--- DATA FOR THIS EXERCISE Enclosed Below ---
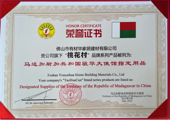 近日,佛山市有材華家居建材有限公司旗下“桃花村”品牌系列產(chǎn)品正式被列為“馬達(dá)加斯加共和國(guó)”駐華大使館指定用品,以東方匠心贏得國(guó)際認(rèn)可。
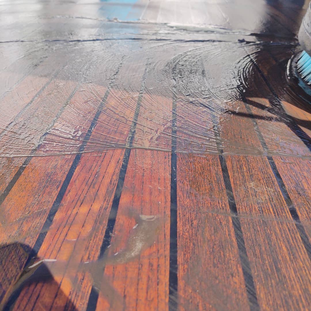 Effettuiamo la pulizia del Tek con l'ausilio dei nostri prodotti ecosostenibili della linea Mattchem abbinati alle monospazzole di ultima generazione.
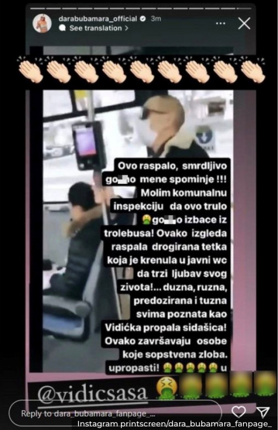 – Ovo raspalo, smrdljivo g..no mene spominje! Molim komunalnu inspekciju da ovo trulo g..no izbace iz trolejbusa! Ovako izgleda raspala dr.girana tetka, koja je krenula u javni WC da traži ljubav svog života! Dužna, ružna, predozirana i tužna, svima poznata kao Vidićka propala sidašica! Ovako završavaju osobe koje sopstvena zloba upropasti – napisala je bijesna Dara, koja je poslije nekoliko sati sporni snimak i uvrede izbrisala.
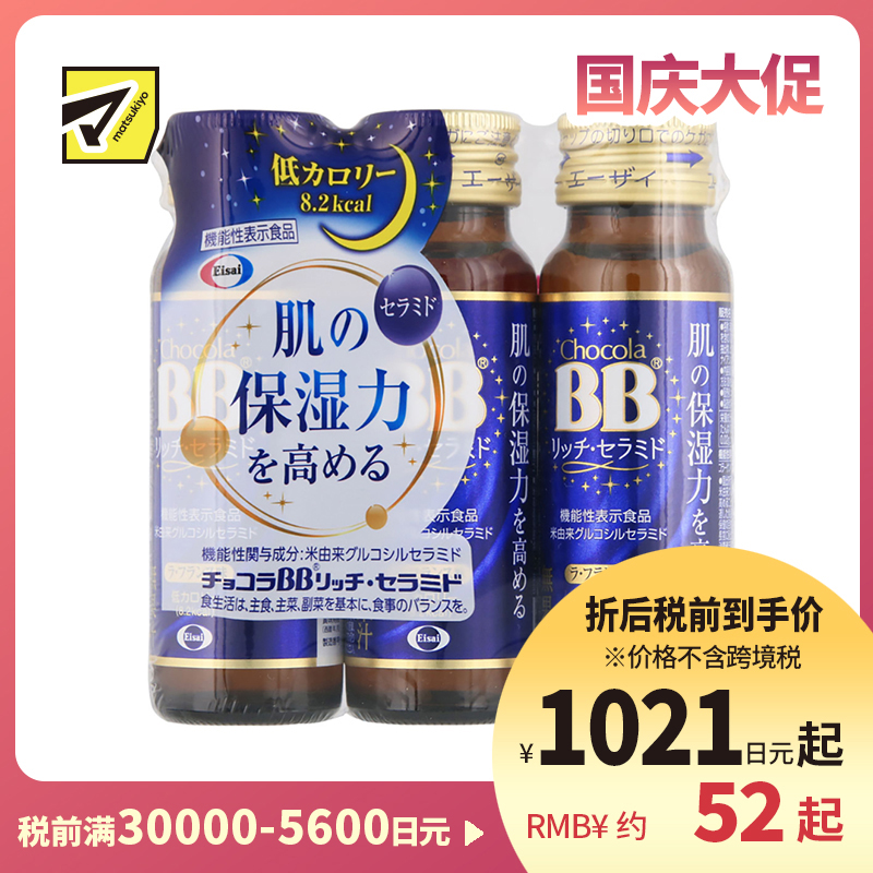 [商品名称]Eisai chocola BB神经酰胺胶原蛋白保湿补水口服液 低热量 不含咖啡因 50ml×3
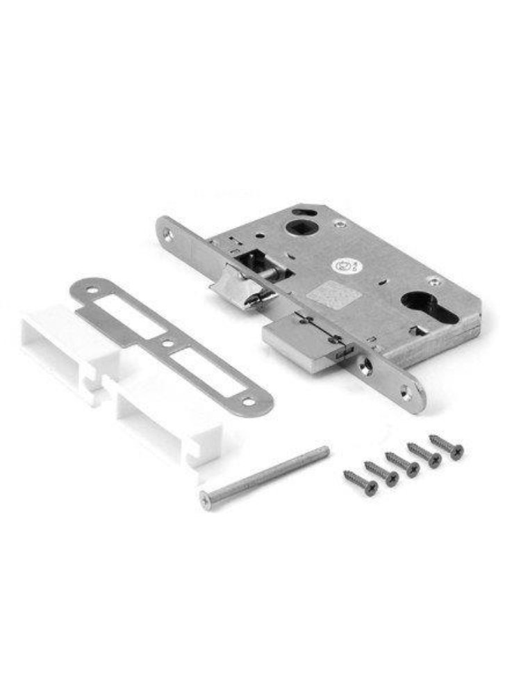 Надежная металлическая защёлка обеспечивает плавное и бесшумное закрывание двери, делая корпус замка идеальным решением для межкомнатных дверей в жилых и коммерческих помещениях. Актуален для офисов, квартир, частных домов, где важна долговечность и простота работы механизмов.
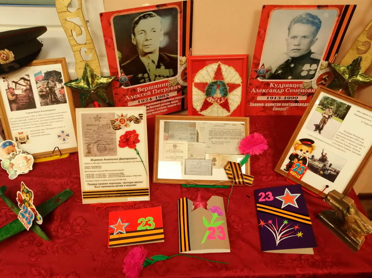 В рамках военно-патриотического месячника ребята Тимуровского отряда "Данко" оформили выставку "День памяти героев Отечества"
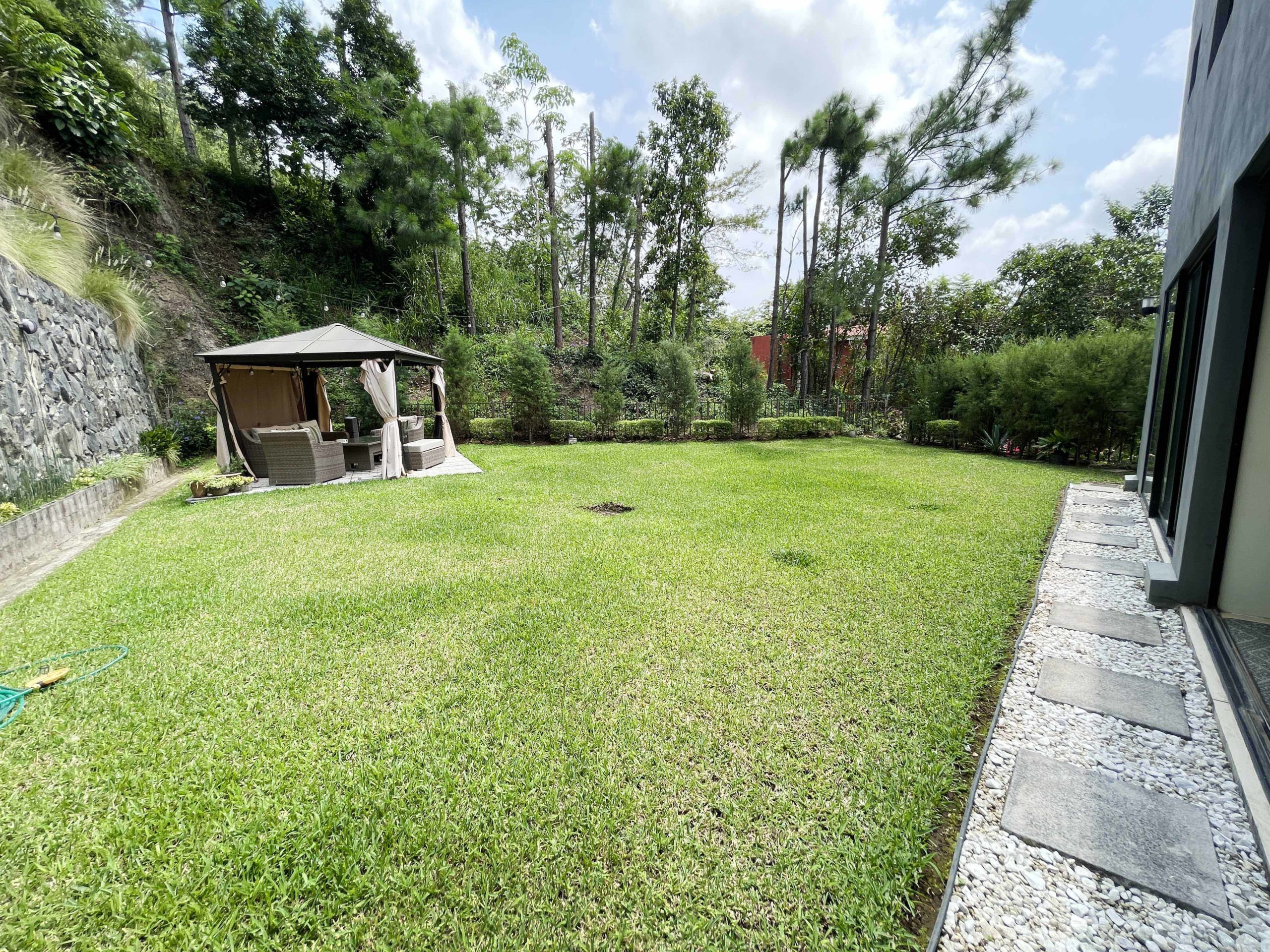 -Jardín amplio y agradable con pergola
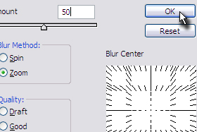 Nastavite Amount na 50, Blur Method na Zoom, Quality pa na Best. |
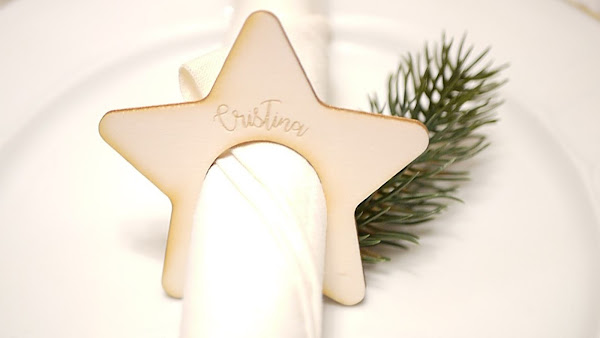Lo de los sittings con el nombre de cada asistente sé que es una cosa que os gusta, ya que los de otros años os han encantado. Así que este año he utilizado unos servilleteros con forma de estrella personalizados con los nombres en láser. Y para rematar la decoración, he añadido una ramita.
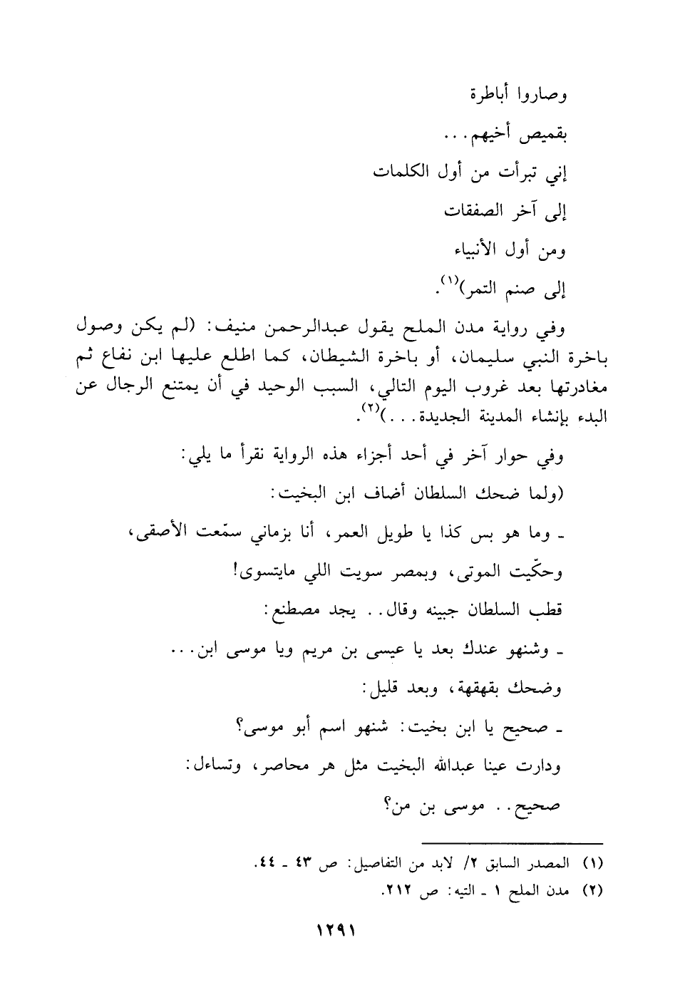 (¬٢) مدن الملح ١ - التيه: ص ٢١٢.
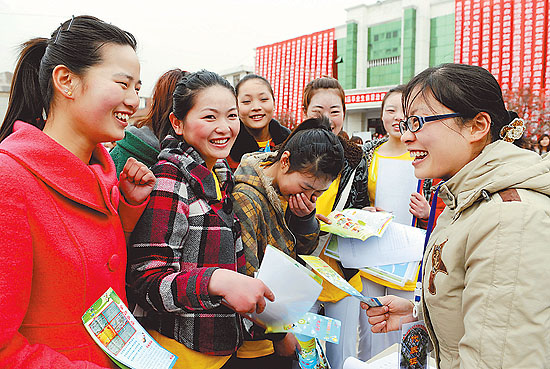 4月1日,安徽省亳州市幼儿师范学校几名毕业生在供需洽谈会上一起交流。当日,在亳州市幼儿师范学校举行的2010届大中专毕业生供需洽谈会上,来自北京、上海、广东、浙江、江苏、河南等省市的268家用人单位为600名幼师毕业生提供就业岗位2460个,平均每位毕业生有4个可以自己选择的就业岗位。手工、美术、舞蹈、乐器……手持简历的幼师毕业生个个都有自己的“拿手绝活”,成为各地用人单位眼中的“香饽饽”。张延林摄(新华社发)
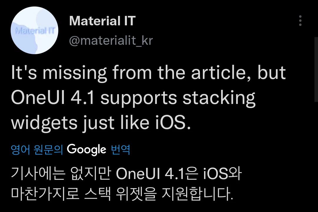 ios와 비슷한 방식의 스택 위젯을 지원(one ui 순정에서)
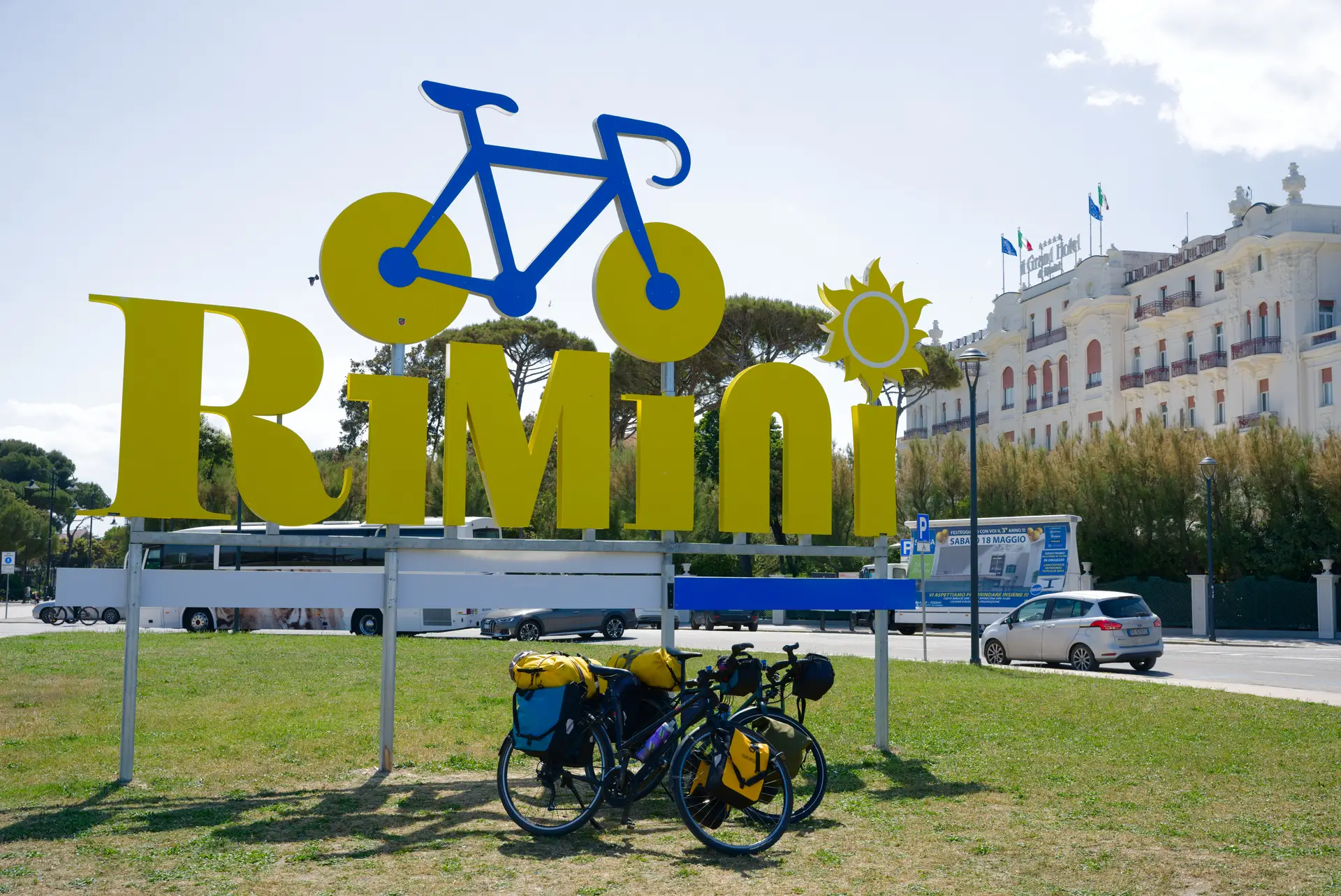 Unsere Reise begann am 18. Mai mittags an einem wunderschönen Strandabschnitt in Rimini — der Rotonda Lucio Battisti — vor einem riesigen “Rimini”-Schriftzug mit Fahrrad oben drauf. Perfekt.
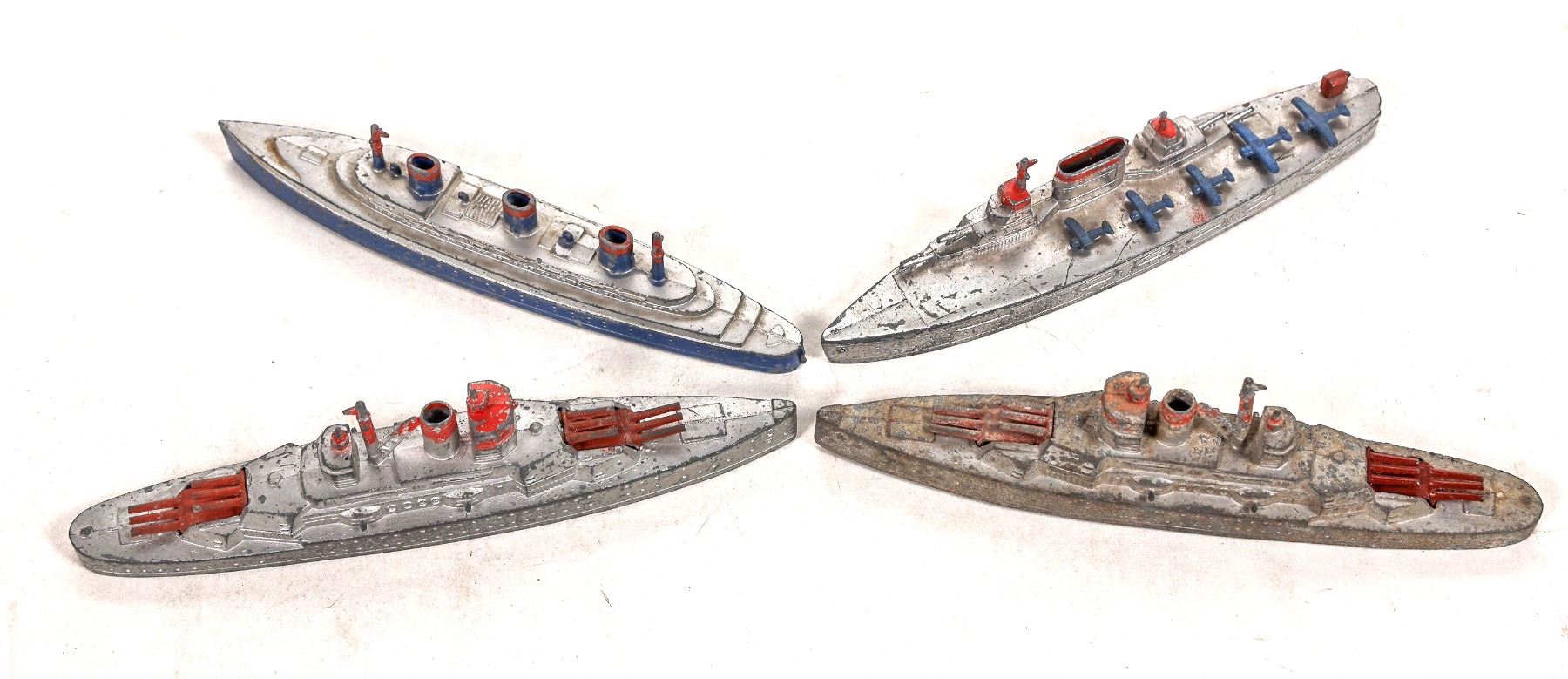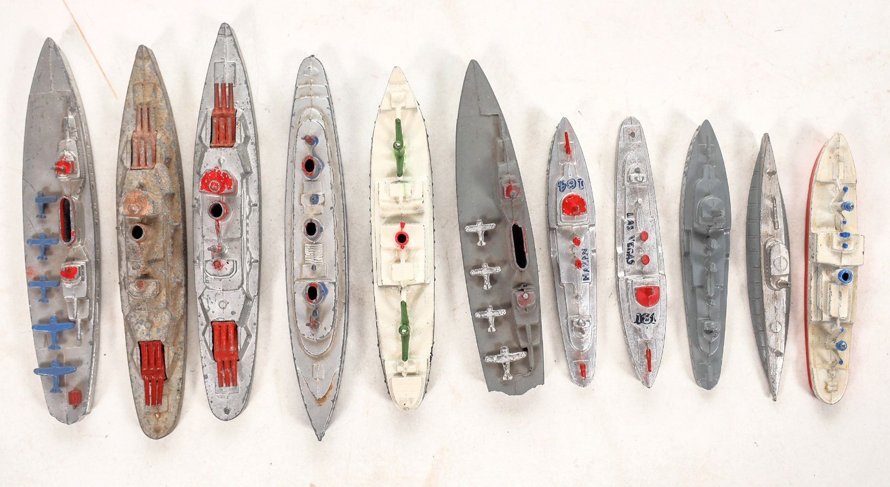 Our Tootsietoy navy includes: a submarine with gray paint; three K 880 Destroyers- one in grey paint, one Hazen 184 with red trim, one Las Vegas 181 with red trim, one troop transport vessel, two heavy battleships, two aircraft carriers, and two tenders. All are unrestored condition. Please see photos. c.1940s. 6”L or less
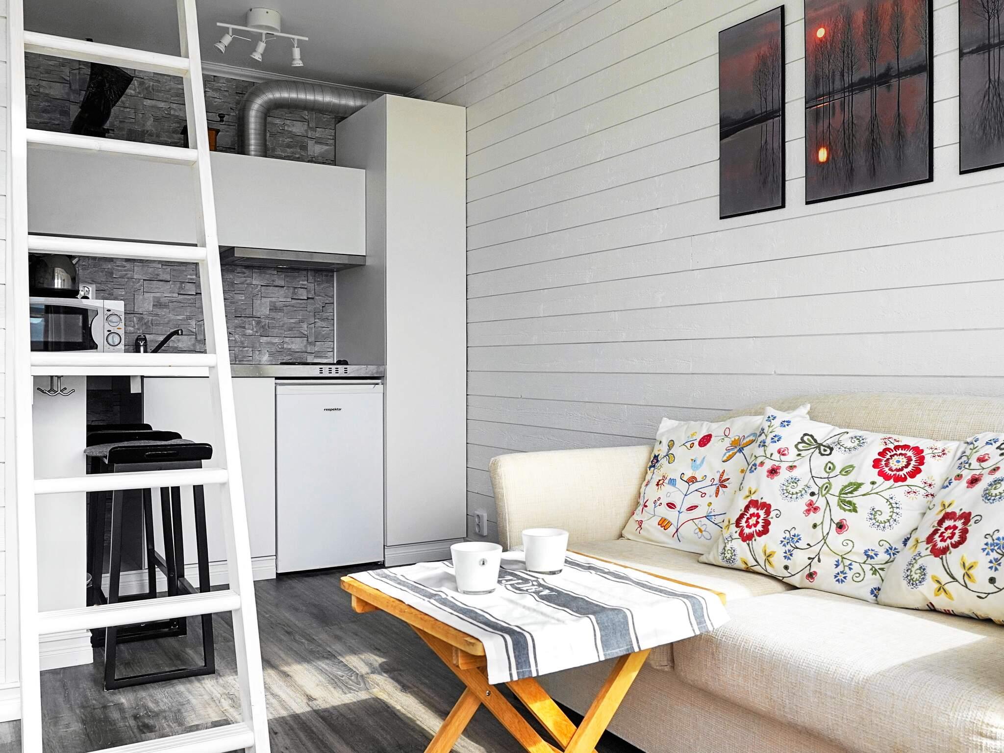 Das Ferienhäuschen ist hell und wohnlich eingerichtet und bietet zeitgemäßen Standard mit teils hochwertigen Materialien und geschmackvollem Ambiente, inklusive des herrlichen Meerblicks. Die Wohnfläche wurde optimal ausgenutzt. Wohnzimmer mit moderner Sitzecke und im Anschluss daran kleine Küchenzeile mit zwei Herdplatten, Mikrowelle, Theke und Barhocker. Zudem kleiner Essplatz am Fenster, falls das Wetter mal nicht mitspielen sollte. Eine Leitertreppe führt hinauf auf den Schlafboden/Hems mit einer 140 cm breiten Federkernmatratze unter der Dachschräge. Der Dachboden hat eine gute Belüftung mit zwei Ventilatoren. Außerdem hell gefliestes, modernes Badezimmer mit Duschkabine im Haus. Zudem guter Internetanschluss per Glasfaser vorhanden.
--- End of Enclosed DATA FOR THIS EXERCISE ---
WHAT TO WORK ON:
Only the lines from the start of the records through the line containing "Unsere Reise begann" should be repeated, word for word, with the pictures left out.

EXERCISE OUTPUT:
 近日,佛山市有材華家居建材有限公司旗下“桃花村”品牌系列產(chǎn)品正式被列為“馬達(dá)加斯加共和國(guó)”駐華大使館指定用品,以東方匠心贏得國(guó)際認(rèn)可。
 Effettuiamo la pulizia del Tek con l'ausilio dei nostri prodotti ecosostenibili della linea Mattchem abbinati alle monospazzole di ultima generazione.
 – Ovo raspalo, smrdljivo g..no mene spominje! Molim komunalnu inspekciju da ovo trulo g..no izbace iz trolejbusa! Ovako izgleda raspala dr.girana tetka, koja je krenula u javni WC da traži ljubav svog života! Dužna, ružna, predozirana i tužna, svima poznata kao Vidićka propala sidašica! Ovako završavaju osobe koje sopstvena zloba upropasti – napisala je bijesna Dara, koja je poslije nekoliko sati sporni snimak i uvrede izbrisala.
 [商品名称]Eisai chocola BB神经酰胺胶原蛋白保湿补水口服液 低热量 不含咖啡因 50ml×3
 Надежная металлическая защёлка обеспечивает плавное и бесшумное закрывание двери, делая корпус замка идеальным решением для межкомнатных дверей в жилых и коммерческих помещениях. Актуален для офисов, квартир, частных домов, где важна долговечность и простота работы механизмов.
 В рамках военно-патриотического месячника ребята Тимуровского отряда "Данко" оформили выставку "День памяти героев Отечества"
 -Jardín amplio y agradable con pergola
 Nastavite Amount na 50, Blur Method na Zoom, Quality pa na Best. |
Lo de los sittings con el nombre de cada asistente sé que es una cosa que os gusta, ya que los de otros años os han encantado. Así que este año he utilizado unos servilleteros con forma de estrella personalizados con los nombres en láser. Y para rematar la decoración, he añadido una ramita.
 (¬٢) مدن الملح ١ - التيه: ص ٢١٢.
 4月1日,安徽省亳州市幼儿师范学校几名毕业生在供需洽谈会上一起交流。当日,在亳州市幼儿师范学校举行的2010届大中专毕业生供需洽谈会上,来自北京、上海、广东、浙江、江苏、河南等省市的268家用人单位为600名幼师毕业生提供就业岗位2460个,平均每位毕业生有4个可以自己选择的就业岗位。手工、美术、舞蹈、乐器……手持简历的幼师毕业生个个都有自己的“拿手绝活”,成为各地用人单位眼中的“香饽饽”。张延林摄(新华社发)
 ios와 비슷한 방식의 스택 위젯을 지원(one ui 순정에서)
 Unsere Reise begann am 18. Mai mittags an einem wunderschönen Strandabschnitt in Rimini — der Rotonda Lucio Battisti — vor einem riesigen “Rimini”-Schriftzug mit Fahrrad oben drauf. Perfekt.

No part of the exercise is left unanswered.